## ABOUT THIS EXERCISE
Restate word for word the lines below that run from the one holding "For this example, we" through the one holding "Βραχιόλι ποδιού από", inclusive. Pictures don't belong in the copy.

::::::

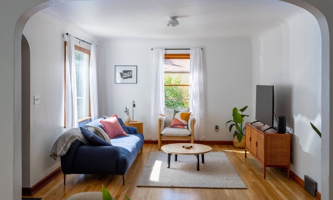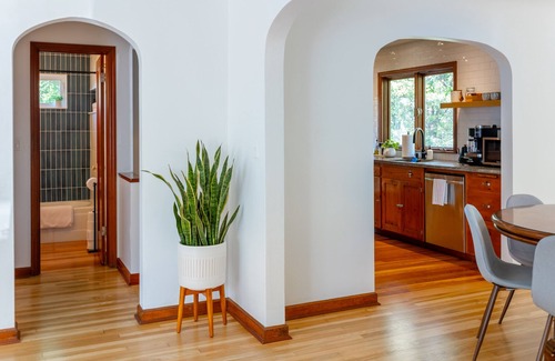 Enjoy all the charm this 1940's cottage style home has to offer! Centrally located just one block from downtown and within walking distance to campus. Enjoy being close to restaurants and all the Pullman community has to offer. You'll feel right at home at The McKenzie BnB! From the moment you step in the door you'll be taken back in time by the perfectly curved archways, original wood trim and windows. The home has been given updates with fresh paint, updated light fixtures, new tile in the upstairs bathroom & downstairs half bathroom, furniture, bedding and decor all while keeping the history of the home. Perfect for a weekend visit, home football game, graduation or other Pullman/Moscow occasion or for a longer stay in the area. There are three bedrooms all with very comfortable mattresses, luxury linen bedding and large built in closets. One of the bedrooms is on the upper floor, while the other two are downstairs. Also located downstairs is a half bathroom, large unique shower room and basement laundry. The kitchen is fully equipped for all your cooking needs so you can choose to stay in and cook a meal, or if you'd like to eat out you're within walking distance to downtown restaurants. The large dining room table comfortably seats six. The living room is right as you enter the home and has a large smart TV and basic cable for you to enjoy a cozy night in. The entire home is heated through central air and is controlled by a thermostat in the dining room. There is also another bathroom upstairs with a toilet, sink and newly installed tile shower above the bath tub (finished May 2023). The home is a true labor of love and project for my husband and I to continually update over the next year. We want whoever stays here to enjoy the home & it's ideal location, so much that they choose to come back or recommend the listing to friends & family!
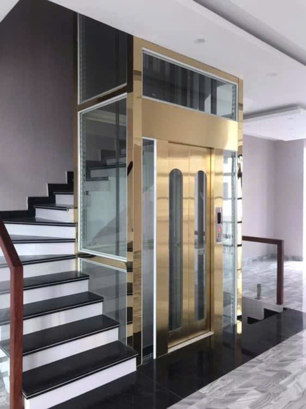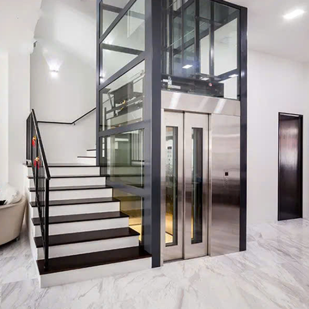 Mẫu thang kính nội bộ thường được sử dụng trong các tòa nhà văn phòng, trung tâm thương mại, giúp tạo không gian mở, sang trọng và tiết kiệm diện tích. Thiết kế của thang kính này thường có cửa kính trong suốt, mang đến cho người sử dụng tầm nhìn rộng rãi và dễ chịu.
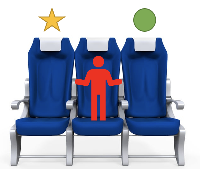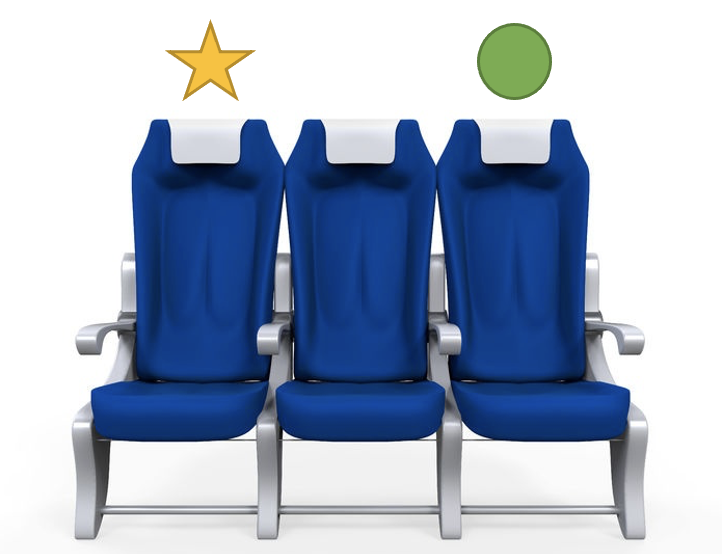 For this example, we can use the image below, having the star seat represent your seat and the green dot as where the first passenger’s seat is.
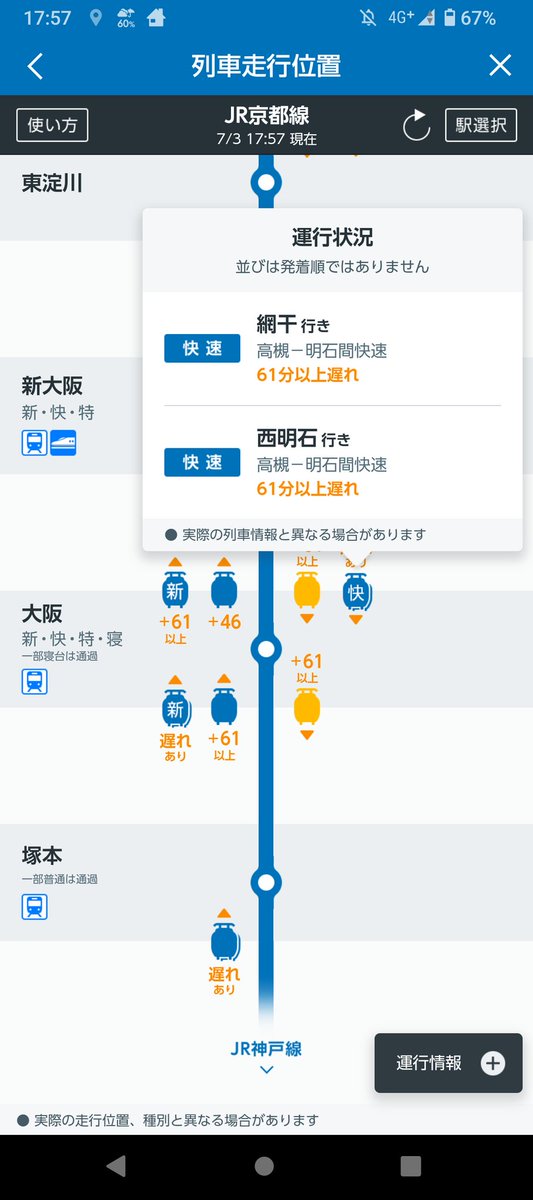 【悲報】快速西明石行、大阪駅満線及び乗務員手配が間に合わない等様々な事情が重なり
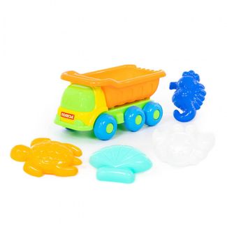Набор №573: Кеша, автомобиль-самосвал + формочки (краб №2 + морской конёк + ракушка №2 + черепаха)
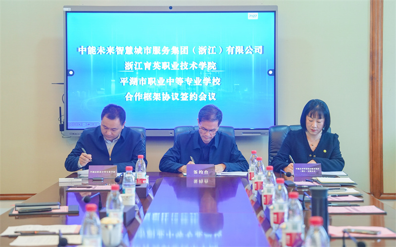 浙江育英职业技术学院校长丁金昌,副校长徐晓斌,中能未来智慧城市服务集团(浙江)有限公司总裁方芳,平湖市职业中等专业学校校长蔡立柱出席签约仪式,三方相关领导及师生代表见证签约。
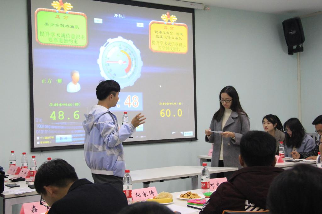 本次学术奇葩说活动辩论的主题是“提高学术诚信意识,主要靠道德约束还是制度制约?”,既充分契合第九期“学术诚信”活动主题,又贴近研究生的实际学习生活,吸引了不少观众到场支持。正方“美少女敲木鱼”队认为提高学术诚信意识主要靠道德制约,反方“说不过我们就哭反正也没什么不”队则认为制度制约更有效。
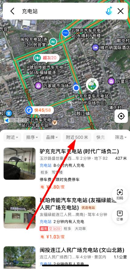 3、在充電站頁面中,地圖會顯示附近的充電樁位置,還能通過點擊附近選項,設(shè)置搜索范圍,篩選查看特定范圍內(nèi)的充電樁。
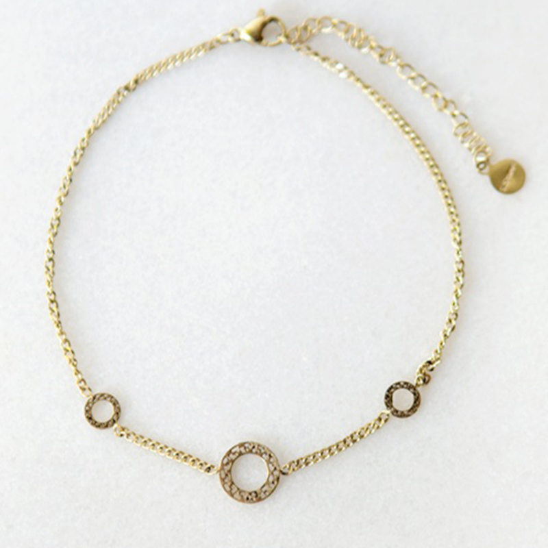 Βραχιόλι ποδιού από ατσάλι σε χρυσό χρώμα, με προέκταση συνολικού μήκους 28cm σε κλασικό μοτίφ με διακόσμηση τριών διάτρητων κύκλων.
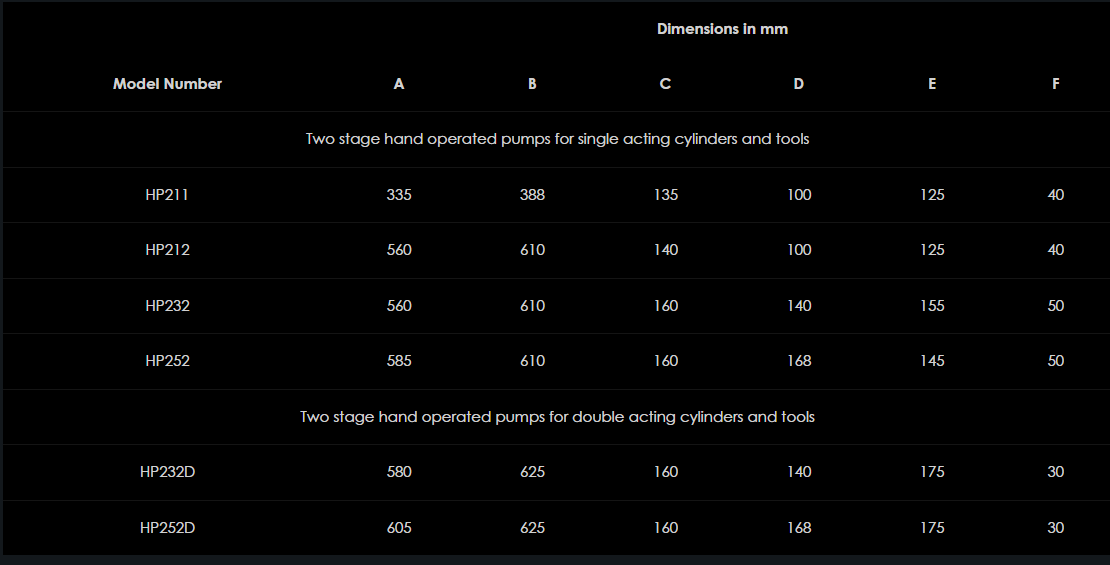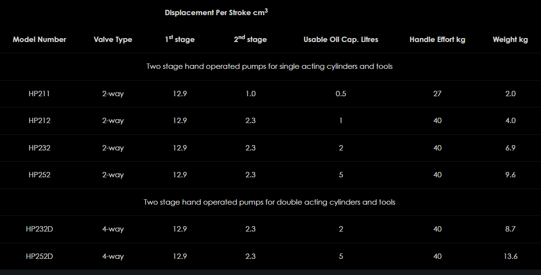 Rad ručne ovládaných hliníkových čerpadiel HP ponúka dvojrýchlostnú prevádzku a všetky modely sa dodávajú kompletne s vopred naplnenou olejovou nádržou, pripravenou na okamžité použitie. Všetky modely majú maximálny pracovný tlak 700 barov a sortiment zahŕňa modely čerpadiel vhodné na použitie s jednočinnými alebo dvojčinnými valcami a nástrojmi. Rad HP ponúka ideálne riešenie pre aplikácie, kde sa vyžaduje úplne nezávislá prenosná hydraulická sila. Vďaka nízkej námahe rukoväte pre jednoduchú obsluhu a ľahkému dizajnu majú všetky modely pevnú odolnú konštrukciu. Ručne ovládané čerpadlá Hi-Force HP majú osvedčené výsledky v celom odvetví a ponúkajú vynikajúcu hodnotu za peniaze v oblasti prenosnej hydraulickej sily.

::::::

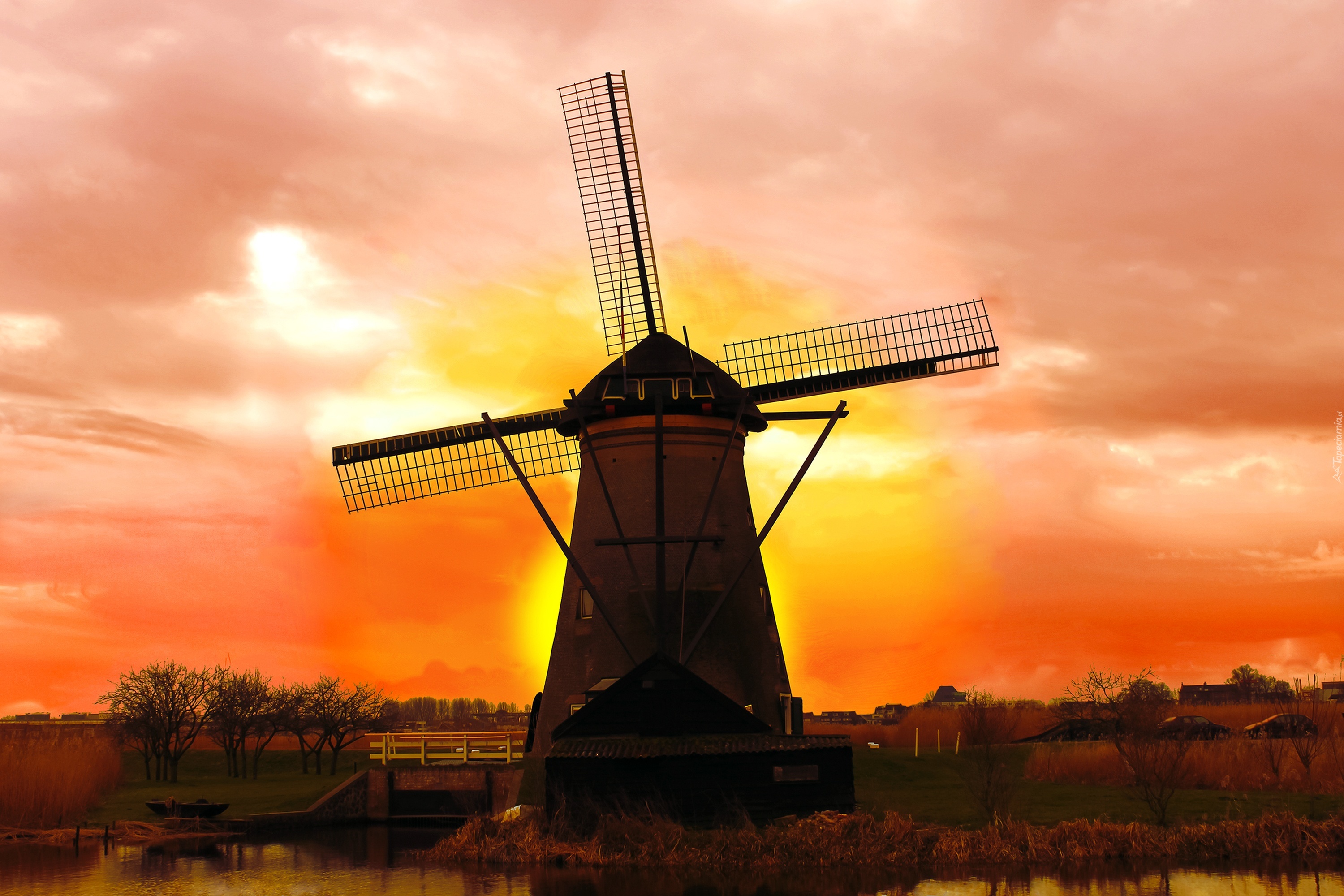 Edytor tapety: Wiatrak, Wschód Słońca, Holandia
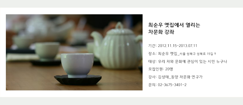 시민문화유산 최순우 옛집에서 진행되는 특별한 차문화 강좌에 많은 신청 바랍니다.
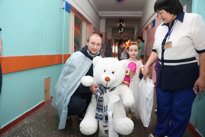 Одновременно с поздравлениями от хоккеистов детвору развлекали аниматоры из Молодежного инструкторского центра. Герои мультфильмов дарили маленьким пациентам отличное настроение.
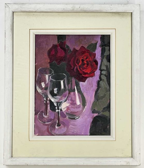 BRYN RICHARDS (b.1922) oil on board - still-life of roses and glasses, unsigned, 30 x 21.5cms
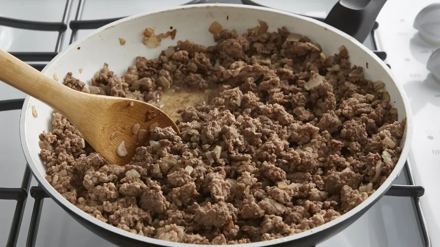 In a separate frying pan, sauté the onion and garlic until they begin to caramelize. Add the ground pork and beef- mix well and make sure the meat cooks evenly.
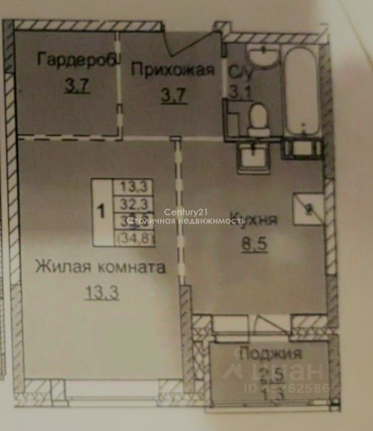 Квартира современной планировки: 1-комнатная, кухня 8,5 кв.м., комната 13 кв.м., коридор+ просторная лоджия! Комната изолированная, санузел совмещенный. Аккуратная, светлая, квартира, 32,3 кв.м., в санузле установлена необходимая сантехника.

::::::

## EXPECTED ANSWER
 For this example, we can use the image below, having the star seat represent your seat and the green dot as where the first passenger’s seat is.
 【悲報】快速西明石行、大阪駅満線及び乗務員手配が間に合わない等様々な事情が重なり
Набор №573: Кеша, автомобиль-самосвал + формочки (краб №2 + морской конёк + ракушка №2 + черепаха)
 浙江育英职业技术学院校长丁金昌,副校长徐晓斌,中能未来智慧城市服务集团(浙江)有限公司总裁方芳,平湖市职业中等专业学校校长蔡立柱出席签约仪式,三方相关领导及师生代表见证签约。
 本次学术奇葩说活动辩论的主题是“提高学术诚信意识,主要靠道德约束还是制度制约?”,既充分契合第九期“学术诚信”活动主题,又贴近研究生的实际学习生活,吸引了不少观众到场支持。正方“美少女敲木鱼”队认为提高学术诚信意识主要靠道德制约,反方“说不过我们就哭反正也没什么不”队则认为制度制约更有效。
 3、在充電站頁面中,地圖會顯示附近的充電樁位置,還能通過點擊附近選項,設(shè)置搜索范圍,篩選查看特定范圍內(nèi)的充電樁。
 Βραχιόλι ποδιού από ατσάλι σε χρυσό χρώμα, με προέκταση συνολικού μήκους 28cm σε κλασικό μοτίφ με διακόσμηση τριών διάτρητων κύκλων.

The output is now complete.